In June, an earlier version of this paper won the Best Paper Award at the esteemed Symposium on Theory of Computing for 2010. The award shows that the work has major implications for the field of computer science, especially given that STOC judges rarely award quantum computing work, noted Scott Aaronson, an associate professor of electrical engineering and computer science at Massachusetts Institute of Technology, who was not involved in the work.
Quantum computing is often touted as the next stage of computer technology, one that could offer large-scale performance improvements after Moore's Law has been exhausted.
Taking advantage of the properties of quantum mechanics, a quantum computer could conceivably offer "exponential parallelism" in the aid of solving problems, Aaronson points out in a commentary accompanying Watrous' paper.
No quantum computers have been built yet, though companies such as IBM are beginning to develop the basic building blocks that could one day make such a computer.
The work of Aaronson and his colleagues seemingly settles a debate over whether or not one group of mathematical problems, called quantum interactive proof systems, are more or less difficult to solve than another set of problems, called classical interactive proof systems.
They are not, the paper asserts. But, due to the fact that these sets of problems are theoretical, the finding itself says little about quantum computing, beyond its ability to solve such abstract problems, Watrous admitted.
In order to set up the study, however, the researchers used an algorithm to evaluate potential speed in classical computation. Called the matrix multiplicative weights update method, it was developed from research in two mathematical fields of study, combinatorial optimization and learning theory.
The algorithm provided a way to solve a problem using parallel processes, the kind easily executable with today's multi-core processors and computer clusters.

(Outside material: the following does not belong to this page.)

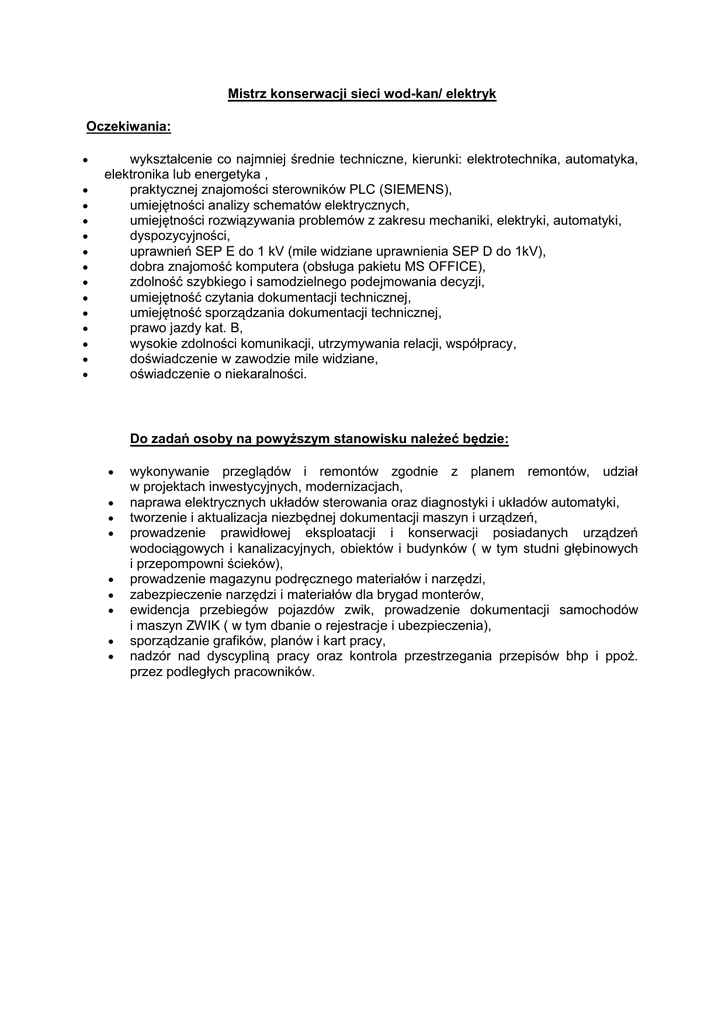 Mistrz konserwacji sieci wod-kan/ elektryk Oczekiwania: wykształcenie co najmniej średnie techniczne, kierunki: elektrotechnika, automatyka, elektronika lub energetyka , praktycznej znajomości sterowników PLC (SIEMENS), umiejętności analizy schematów elektrycznych, umiejętności rozwiązywania problemów z zakresu mechaniki, elektryki, automatyki, dyspozycyjności, uprawnień SEP E do 1 kV (mile widziane uprawnienia SEP D do 1kV), dobra znajomość komputera (obsługa pakietu MS OFFICE), zdolność szybkiego i samodzielnego podejmowania decyzji, umiejętność czytania dokumentacji technicznej, umiejętność sporządzania dokumentacji technicznej, prawo jazdy kat. B, wysokie zdolności komunikacji, utrzymywania relacji, współpracy, doświadczenie w zawodzie mile widziane, oświadczenie o niekaralności. Do zadań osoby na powyższym stanowisku należeć będzie: wykonywanie przeglądów i remontów zgodnie z planem remontów, udział w projektach inwestycyjnych, modernizacjach, naprawa elektrycznych układów sterowania oraz diagnostyki i układów automatyki, tworzenie i aktualizacja niezbędnej dokumentacji maszyn i urządzeń, prowadzenie prawidłowej eksploatacji i konserwacji posiadanych urządzeń wodociągowych i kanalizacyjnych, obiektów i budynków ( w tym studni głębinowych i przepompowni ścieków), prowadzenie magazynu podręcznego materiałów i narzędzi, zabezpieczenie narzędzi i materiałów dla brygad monterów, ewidencja przebiegów pojazdów zwik, prowadzenie dokumentacji samochodów i maszyn ZWIK ( w tym dbanie o rejestracje i ubezpieczenia), sporządzanie grafików, planów i kart pracy, nadzór nad dyscypliną pracy oraz kontrola przestrzegania przepisów bhp i ppoż. przez podległych pracowników.

It provided a way to match the efficiency of quantum computing, for this set of problems.
Surprisingly, this matrix-based method hasn't been applied to parallel computing before, Watrous said.
"It has never been considered to my knowledge in a parallel setting," he said of the method. "We had to show that this method could be parallelized, and we couldn't find any reference to anyone doing that."
Watrous, while stating that he does not work in the commercial field of computer science, speculates that more work could be done in finding and adopting other mathematical algorithms that could speed the computational performance of hardware available today.
"We could try to build quantum computers to solve problems but we could also just design new algorithms to solve problems," he said.
Aaronson said that the algorithm could be used in commercial fields of computing, particularly in the field of semi-definite programming, which looks at ways of solving optimization problems. "These are very common in industrial optimization," he said.
The researchers showed that "for a certain class of semi-definite programs you can get not the exact answer but a very good approximate answer, using a very small amount of memory," he said.